El aire en el coche era un tormento. Su olor, sus gemidos, el sabor de sus labios... todo seguía vivo en mi mente. Kara estaba pegada a la ventanilla, como si la tela del asiento fuera de fuego. El silencio era una entidad propia, pesada y húmeda, asfixiante. Cada respiro, cada minúsculo movimiento de su cuerpo a mi lado era una agonía. No era un viaje, era una prisión.
Mi mano, que había estado a centímetros de su muslo, se apretó contra el volante. El cuero se sintió frío, una bienvenida distracción. Apenas podía conducir. Mi mente viajaba una y otra vez a apartamento, al beso, al caos de nuestros cuerpos. Me había mentido a mí mismo, diciéndome que la llevaría a la boutique por pura cortesía, pero la verdad era que no podía dejarla sola. No cuando el olor de ella aún llenaba mis fosas nasales, cuando el recuerdo de sus gemidos todavía vibraba en mis oídos.
—No sé qué decir —murmuró, su voz apenas un susurro que rompió el silencio.
—No digas nada —dije, mi voz ronca, sin mirarla. Me detuve en un semáforo en rojo.
Ella se quedó en silencio, y por un momento, pensé que no respondería.
—¿Te arrepientes? —dije, la pregunta cargada de dolor. No la miré, pero la sentí tensarse a mi lado.
—¿De verdad lo preguntas? —susurró, su voz se quebró.
—Sí, lo pregunto —me giré para mirarla. Sus ojos estaban rojos, pero no había lágrimas. Había una furia gélida, una que me dolía más que cualquier golpe.
—¿Por qué me besaste? —dijo, la pregunta cargada de dolor.
—El contrato se rompió hace mucho tiempo —dije, mi voz se suavizó—. Se rompió en el momento en que me di cuenta de que no podía dejar de pensar en ti.
El semáforo cambió a verde, pero no me moví. Kara no dijo nada, pero sus manos se relajaron sobre la rodilla. De repente, la incomodidad era un poco menos pesada.
Al llegar a la boutique, Aileen corrió a abrazarla. Llevaba puesto su vestido de novia. La modista la rodeaba y dos de las damas de honor ya estaban allí, en sus vestidos de satén lila.
—¡Kara! —exclamó Aileen, y luego me miró—. ¡Dax! ¡Qué bien que viniste! Me siento mucho mejor contigo aquí. ¡Vamos, el fotógrafo está listo!
Aileen nos arrastró a una zona de espejos. La modista, una mujer de aspecto severo, le entregó a Kara un vestido de un hermoso satén lila. Me quedé ahí, sosteniendo su bolso y su ropa como un sirviente. Escuché el susurro de la tela al caer. Una pequeña abertura en la cortina del probador, un hueco que me tentaba. Sentí que me miraba, y mis ojos se clavaron en la tela. Kara me pasó su pantalón, luego su blusa. Y entonces, mi voz, grave y cerca de su oído, le dio la orden:
—También quítate el sostén —dije—. No luce si te lo quedas.
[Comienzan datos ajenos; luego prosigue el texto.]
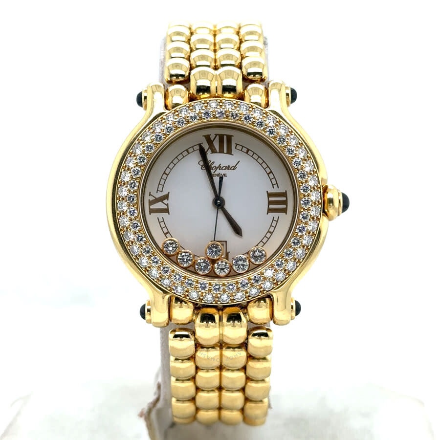 Yellow gold-tone 18kt yellow gold case and bracelet. Fixed yellow gold-tone bezel with diamond set 18kt yellow gold. White dial with yellow gold-tone hands and Roman numeral hour markers. Minute markers around the outer rim. Dial Type: Analog. Date display at the 6 o'clock position. 7 floating diamonds subdials. Quartz movement. Scratch resistant sapphire crystal. Pull / push crown. Solid case back. Round case shape, case size: 32 mm, case thickness: 10 mm. Band width: 15 mm. Hidden clasp. Water resistant at 30 meters / 100 feet. Functions: date, hour, minute, second. Happy Sport Series. Luxury watch style. Watch label: Swiss Made. Pre-owned Chopard Happy Sport Quartz Diamond White Dial Ladies Watch 27/6145-23. GENERAL Collection Name: Happy Sport INFORMATION Brand: Chopard Series: Happy Sport Model: 27/6145-23 Gender: Womens Watch Label: Swiss Made Movement: Quartz CONDITION INFORMATION Box: No Preowned Item Condition: Excellent Papers: Yes CASE Case Size: 32 mm Case Thickness: 10 mm Case Material: 18kt Yellow Gold Case Shape: Round Case Back: Solid DIAL Type: Analog Dial Color: White Crystal: Scratch Resistant Sapphire Hands: Yellow Gold-tone Second Markers: Minute Markers around the outer rim Dial Markers: Roman Numeral Sub Dials: 7 Floating Diamonds Bezel: Fixed Bezel Color: Yellow Gold-tone Bezel Material: Diamond Set 18kt Yellow Gold Crown: Pull / Push BAND Band Type: Bracelet Band Material: 18kt Yellow Gold Band Color: Yellow Gold-tone Band Width: 15 mm Clasp: Hidden FEATURES Water Resistance: 30 meters / 100 feet Calendar: Date display at the 6 o'clock position Functions: Date, Hour, Minute, Second Watch Features: Diamond, Gold, Analog ADDITIONAL INFO Watch Style: Luxury Warranty: 1 Year Jomashop Warranty Jomashop Sku: PRE-P-CP78675 Department: Watches
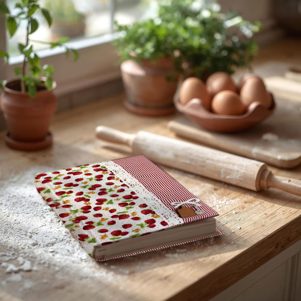 A Receptfüzet epres mintával borító nemcsak megvédi a saját receptes könyvedet a konyhai szennyeződésektől, hanem stílust és meghitt hangulatot is varázsol a konyhádba.
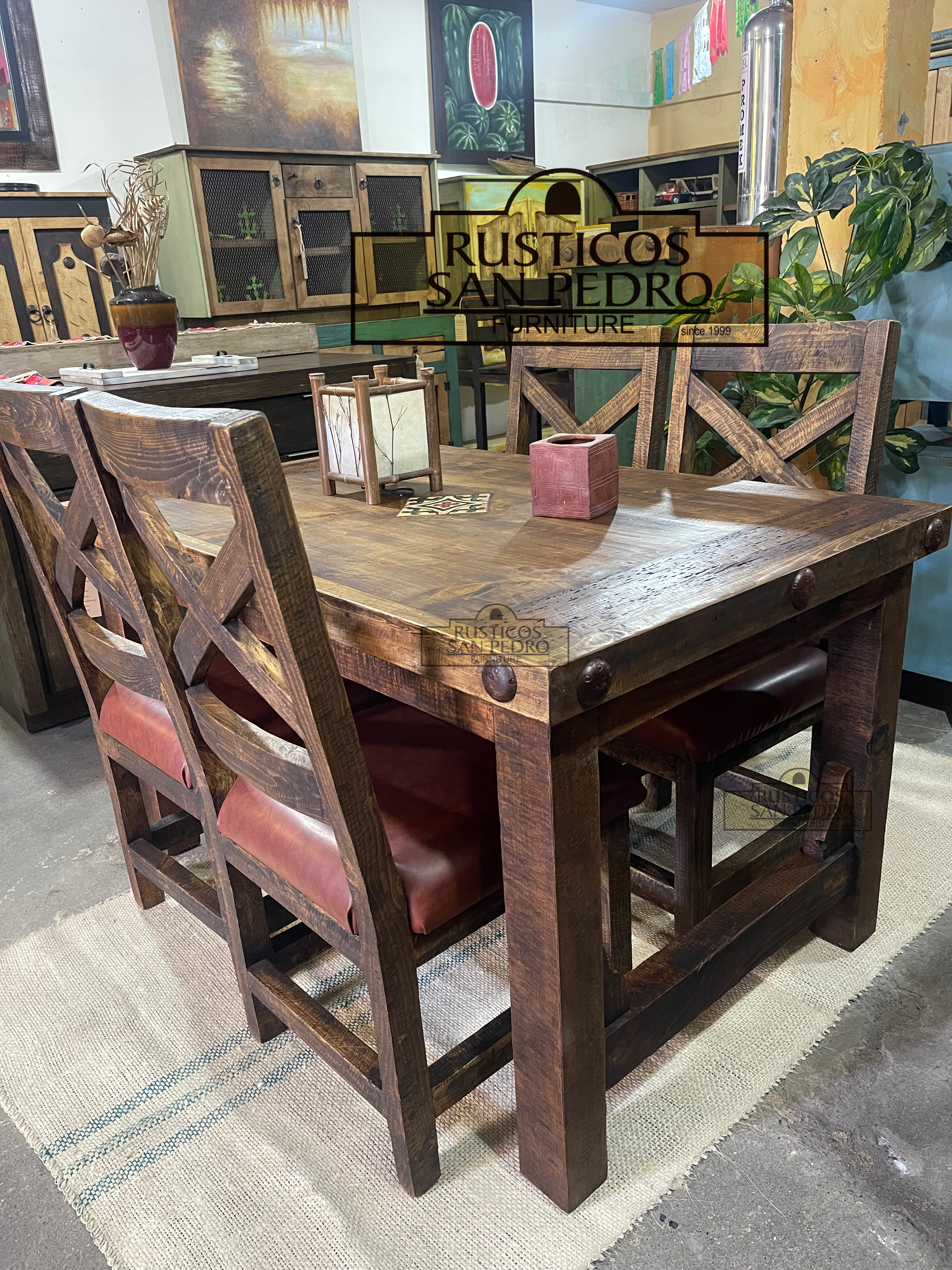 Materiales: Madera pino, clavos de metal decorativos, incrustación de tile, vinilo en sillas.

Por el hueco de la cortina vi el encaje negro. Era tan fino y transparente que podía ver la piel de Kara. Tragué saliva. Vi la curva de su espalda, la forma de su cintura, la lencería que me hacía perder el control. Sentí sus dedos rozar los míos, una descarga eléctrica. Me miró a través del espejo, sus ojos grandes y llenos de una mezcla de rabia y miedo. Y en ese instante, en ese simple gesto, vi la verdad de su deseo.
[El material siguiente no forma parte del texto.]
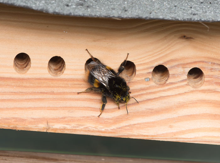 | Buff-tailed Bumblebee, Cley, 1st March 2026. This queen has obviously only just woken up and doesn't yet realise she's too big for this particular bee house! |
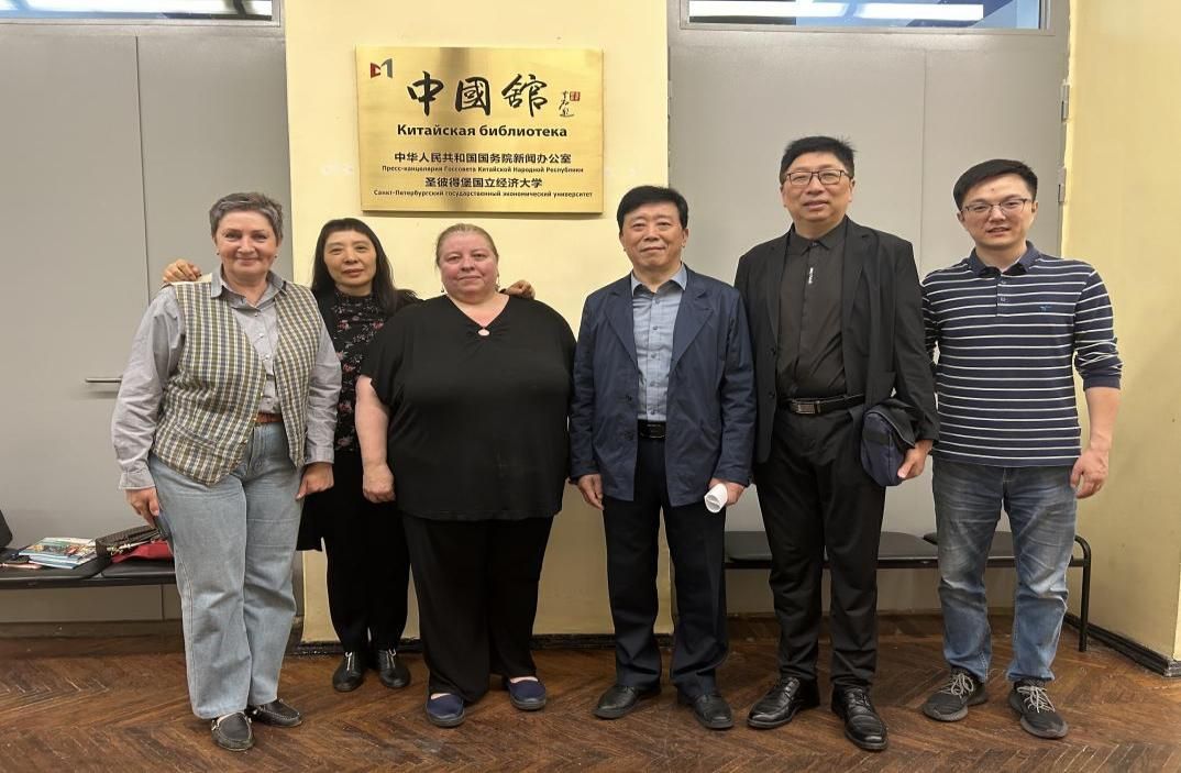 6月25日,代表团赴圣彼得堡国立经济大学访问,与中俄经济类大学联盟俄方秘书长塔季扬娜·乌尔茹姆采娃(Татьяна Уржумцева)教授,《习近平谈治国理政》第一卷俄文版译者奥尔加·米古诺娃(Ольга Мигунова)教授、圣彼得堡国立经济大学中国与亚太中心副主任阿纳斯塔西娅·科瓦廖娃(Анастасия Ковалева)等知名汉学家进行座谈。在交谈中,申祖武表示我校与圣彼得堡国立经济大学有稳固的合作基础,在学生互派、教师访学、科研合作方面成果显著。圣彼得堡国立经济大学不仅委派专家参与了我校教师主持的国家社科基金中华学术外译项目,还资助出版我校教师出版了曾被作为国礼赠送给中俄两国领导人的文学译著。他强调,两校的合作前景广阔,潜力巨大,希望未来在本硕联合培养等更多领域拓宽和深化合作。

Salió del probador y se paró frente al espejo de cuerpo entero. La modista se acercó a ella, con alfileres en la boca.
—Muy bien, señorita, de frente. Gire lentamente —dijo, mientras ajustaba la tela—. Perfecto. Manténgase así. Y más con la espalda descubierta, ¡lo hace lucir perfecto!
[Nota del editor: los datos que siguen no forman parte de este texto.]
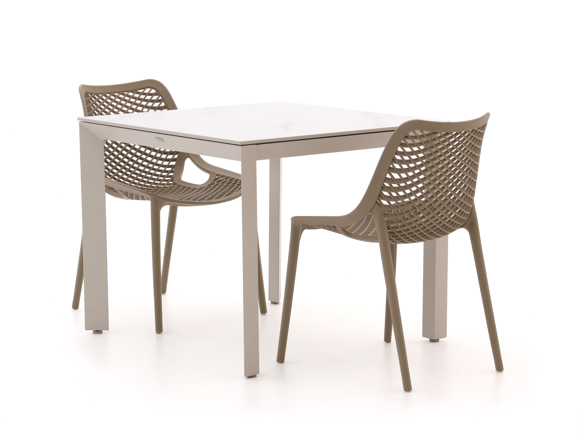 Ontdek de charme van de Forza Ripi/Sestino dining tuinset, een compacte en stijlvolle keuze voor je tuin of balkon. Deze set is perfect voor een intiem diner of een gezellige koffiepauze met z'n tweeën. Het tafelblad van sintered stone in de kleur Mountain White is niet alleen een lust voor het oog, maar ook bestand tegen krassen en vlekken. De kunststof stoelen zijn licht en stapelbaar, wat het verplaatsen en opbergen een fluitje van een cent maakt. Een slimme keuze voor wie houdt van gemak en elegantie in de buitenlucht!

Aileen se acercó, sonriendo.
—Kara, ¡te ves increíble! ¡El lila es tu color! —chilló, abrazándola.
Me quedé en silencio, mirándola. Por un momento, toda la frialdad que había mostrado se desvaneció. Mis ojos azules se abrieron levemente, una expresión de genuina sorpresa y admiración cruzó mi rostro. El vestido se ajustaba a su cuerpo de una manera que me hacía sentir hermoso y vulnerable a la vez. La vi a través del espejo, mis ojos clavados en ella.
—El color te queda bien —dije, mi voz tan plana y controlada que me hizo dudar de si el momento de vulnerabilidad había sido real. Aproveché que Aileen se volteó a hablar con la modista, y me acerqué, lentamente, hasta que estuve a su lado. Incliné mi cabeza y le susurré al oído, con una voz que era una mezcla de seda y veneno:
—Esa tela no oculta nada. Cada curva es una invitación, pero me encantó más la lencería.